Bit tricky, these keywords, but have a go repeating the key word after I say it.
So the first keyword is denominator, and the next keyword is numerator.
Let's take a look at what those words mean.
"A denominator is the bottom number written in a fraction.
"It shows how many parts a whole has been divided into.
"A numerator is the top number written in a fraction.
"It shows how many parts we have." And here's our lesson outline.
So the first part of the lesson is called "Working out the Fraction", and the second part of the lesson is "Solving Problems".
Let's get started.
In this lesson, you will meet Sofia and Jacob.
Now lots of people find fractions a bit tricky.
Sofia and Jacob are here to help you.
Jacob and Sofia are looking at different fraction representations.
"First we're going to work out the fraction of the shape "that is shaded," says Jacob.
"There are seven equal parts," says Sofia.
"The denominator is seven." So the denominator, it's the bottom number in the fraction, and that tells us how many parts there are in total.
Three parts are shaded, the numerator is three.
So the numerator is the top number in a fraction.
And that shows how many parts that we have or how many parts we're talking about.

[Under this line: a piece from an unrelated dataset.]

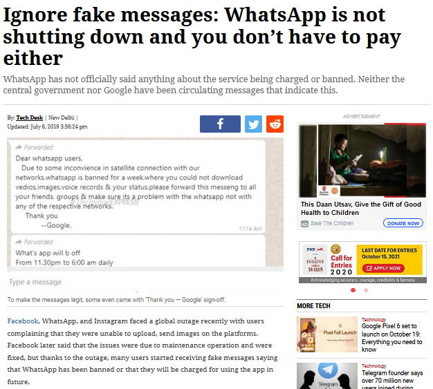 واہٹس ایپ رات 11:30 سے صبح 6 بجے تک بند رہے گا۔ اس دعوے کی سچائی جاننے کے لئے ہم نے جب کیورڈ سرچ کیا تو ہمیں انڈین ایکسپریس اور دی پرنٹ کی ویب سائٹ پر 4 اور 6 جولائی 2019 کی خبریں ملیں۔ جس کے مطابق واہٹس بند ہونے یا اس کے استعمال کے لئے پیسے دینے والے وائرل میسج گمراہ کن ہیں۔

So Jacob said, "How many parts are shaded?" 3/7 of the shape are shaded.
"I'm going to shade 3/7 "of the next shape," says Jacob.
So the next shape is also divided into seven equal parts and Jacob shades three of them.
Remember, it doesn't matter which three he shades, he can shade any three and he will be shading 3/7 of the shape.
Next I'm going to find 3/7 of the oranges.
So Jacob circles three of the oranges.
Three out of the seven oranges, 3/7 of the oranges.
Jacob and Sofia are looking at different fraction representations.
"First we're going to work out the fraction of the shape "that is shaded," says Jacob.
"There are 11 equal parts.
"The denominator is 11," says Sofia.
The bottom number, our total number of parts is 11.
"Six parts are shaded.
The numerator is six." So the fraction of that shade that is shaded is 6/11.
"I'm going to shade 6/11 "of the next shape," says Jacob.
So the next shape is divided into 11 equal parts, Jacob shades six of them, so he has shaded 6/11 of that shape.
I'm going to find 6/11 of the apples.
There are 11 apples altogether, six of the apples would represent 6/11 of the total number of apples.
"What representation is the odd one out? "There are three representations there, "which is the odd one out?" "Write the denominator "and numerator for each representation." "Which one shows a different fraction?" So the first representation there are nine parts and five of them are shaded.
So that fraction there represented is 5/9.
The second shape, there are nine parts, six of them are shaded.
So that shape represents 6/9.
Last representation, there are nine bananas altogether, five of them have been grouped together.
So 5/9 of the bananas are in that group.
So that represents 5/9.
Which is the odd one out? That middle one, 'cause that shape actually represents 6/9, whereas the other two represent 5/9.
"6/9 is the odd one out." Thank you Jacob.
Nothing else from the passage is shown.